CO1, the Copper Age genome from a Baden Culture burial, appears ridiculously Western European, and could easily pass for a present-day Sardinian in most analyses, even though it's most likely of Balkan and Near Eastern origin. It's very similar in that respect to another Copper Age sample, Oetzi the Iceman from the Tyrolean Alps.

One of the main reasons for this Sardinian-like genetic character is certainly its very low level of Ancient North Eurasian (ANE) admixture, probably less than five per cent. Almost everyone in West Eurasia has more these days, so they appear a lot more eastern.

Shared drift stats of the form f3(Mbuti;CO1,Test) - Eurogenes dataset

Shared drift stats of the form f3(Mbuti;CO1,Test) - Human Origins dataset

Eurogenes K15 4 Ancestors Oracle results

BR1 represents the Early Bronze Age (EBA) Mako Culture. It looks roughly like a cross between CO1 and someone from northeastern Europe with an unusually high level of hunter-gatherer ancestry, and also a fair whack of ANE. Indeed, after running a variety of tests, I'd say that BR1 has around 12% of ANE (in other words, more than Basques but less than British, which fits with its position on the West Eurasian PCA).

So as far as I can see, the most parsimonious explanation for this result is a population movement into present-day Hungary from the northeast during the EBA, perhaps associated with the early Indo-Europeans and the not-so-pleasant effects of the 4.2 kiloyear event (see here).

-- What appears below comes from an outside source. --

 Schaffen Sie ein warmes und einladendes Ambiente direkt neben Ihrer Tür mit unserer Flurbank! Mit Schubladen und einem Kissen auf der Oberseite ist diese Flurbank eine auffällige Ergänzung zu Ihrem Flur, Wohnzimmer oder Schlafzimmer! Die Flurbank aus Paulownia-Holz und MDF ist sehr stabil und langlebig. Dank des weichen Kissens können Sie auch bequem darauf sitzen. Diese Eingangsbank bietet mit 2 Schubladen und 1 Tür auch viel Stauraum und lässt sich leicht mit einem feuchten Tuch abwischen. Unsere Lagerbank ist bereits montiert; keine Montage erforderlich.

Interestingly, the 4A Oracle suggests that BR1 might in large part be a mixture of CO1 and KO1, which is another sample from Gamba et al., assigned to the Koros Culture of early Neolithic Balkan farmers, but with typically hunter-gatherer genetic structure. This opens up the possibility that people with unusually high levels of hunter-gatherer ancestry lived on the Great Hungarian Plain throughout the Neolithic, and the sampling by Gamba et al. was too patchy to find them.

However, it's not possible to get a genome like BR1 simply by mixing CO1 with KO1, because the hunter-gatherer-like sample is not eastern enough. In other words, it lacks ANE. I know this just by eyeballing a couple of PCA, featuring KO1 and Motala12, a Scandinavian sample estimated by Lazaridis et al. to have a ratio of ~19% ANE (see here and here).

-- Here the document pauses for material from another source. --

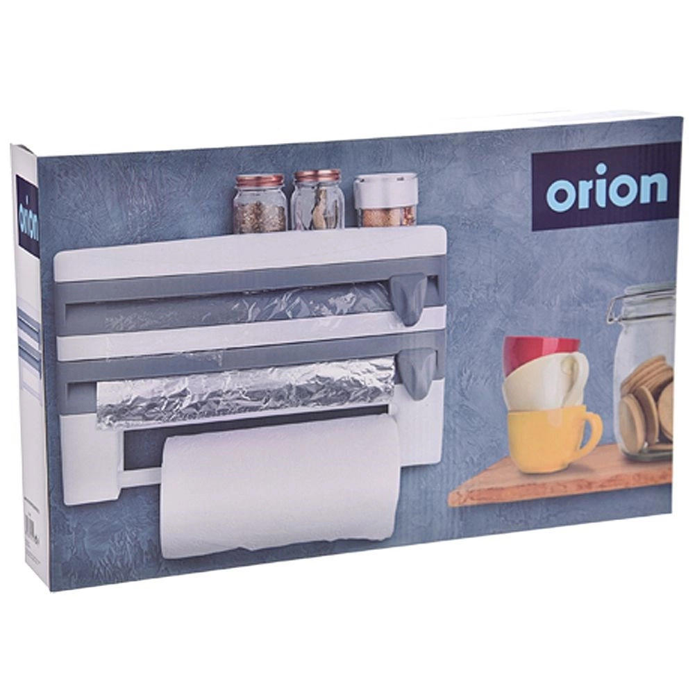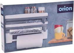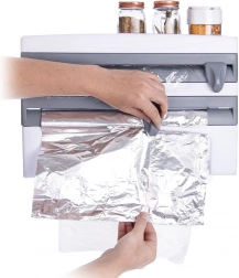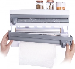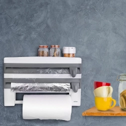 Praktischer 3-in-1-Wandorganizer für die Küche kombiniert einen Halter für Papierhandtücher und zwei Spender für Frischhalte- und Aluminiumfolie. Er bietet dank integrierter Klingen einen sauberen und schnellen Abriss, Platzersparnis und Ordnung auf der Arbeitsfläche. Das obere Ablagefach nimmt Gewürze oder kleine Küchenutensilien auf. Einfache Montage per Kleben oder Schrauben, Montagematerial ist enthalten.

So there might well have been a resurgence in local hunter-gatherer DNA on the Great Hungarian Plain, and perhaps throughout much of Central Europe, after the Neolithic. Nevertheless, in my opinion this alone cannot explain the results in this case.

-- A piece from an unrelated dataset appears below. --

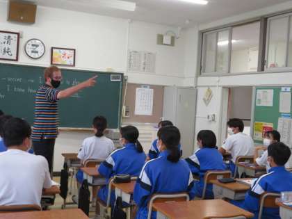 マーティン先生の質問の答えをノートに書き、指名された生徒が英語で答えました。面白い解答に沸くなど、和やかな雰囲気でした。
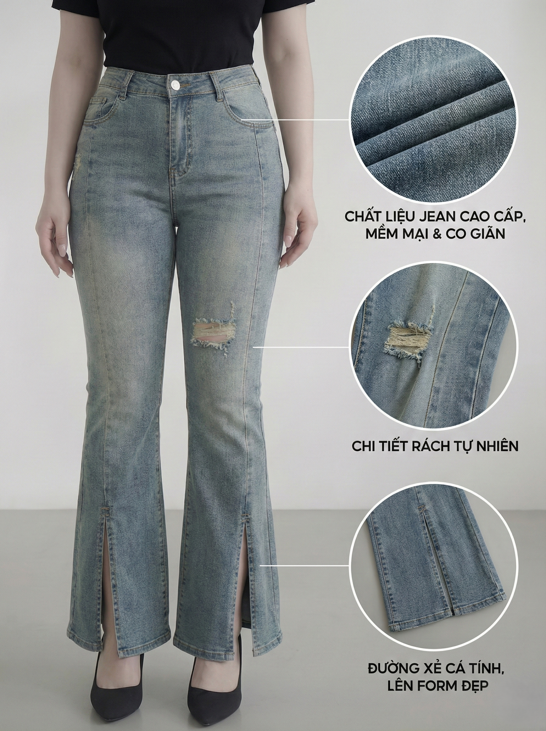 - Kiểu dáng : quần jean ống loe , lưng cao hack dáng che phần bụng , có túi thật trước và sau , thiết kế rách ống 1 bên , ống quần loe kết hợp xẻ tạo sự cá tính , độ dài 100cm.

Shared drift stats of the form f3(Mbuti;BR1,Test) - Eurogenes dataset

Shared drift stats of the form f3(Mbuti;BR1,Test) - Human Origins dataset

Eurogenes K15 4 Ancestors Oracle results

IR1, the Iron Age genome, is clearly mixed. In some ways, much like CO1 and BR1, it's also deceptively similar to present-day Western Europeans, which suggests that it's in large part of local origin. However, its uniparental markers (Y-haplogroup N-M231 and mitochondrial haplogroup G2a1) actually fit better in Siberia than anywhere in Europe, and its genome-wide DNA shows influences from the North Caucasus and Volga-Ural regions (refer to the 4A Oracle results below).

Because of its complex ancestry, I can't accurately estimate the level of ANE admixture in this genome. Nevertheless, the PCA and Eurogenes K15 suggest that it easily surpasses BR1 in this respect. Note, for instance, its position among the Kargopol Russians and North Ossetians on the global PCA plot, as well as its high Eastern Euro score in the Eurogenes K15.

What I think this hints at is that the present levels of ANE across Europe aren't the result of a single early Indo-European migration, but multiple population movements around the continent spanning the entire metal ages, although usually involving Indo-European groups, and the effects of isolation-by-distance.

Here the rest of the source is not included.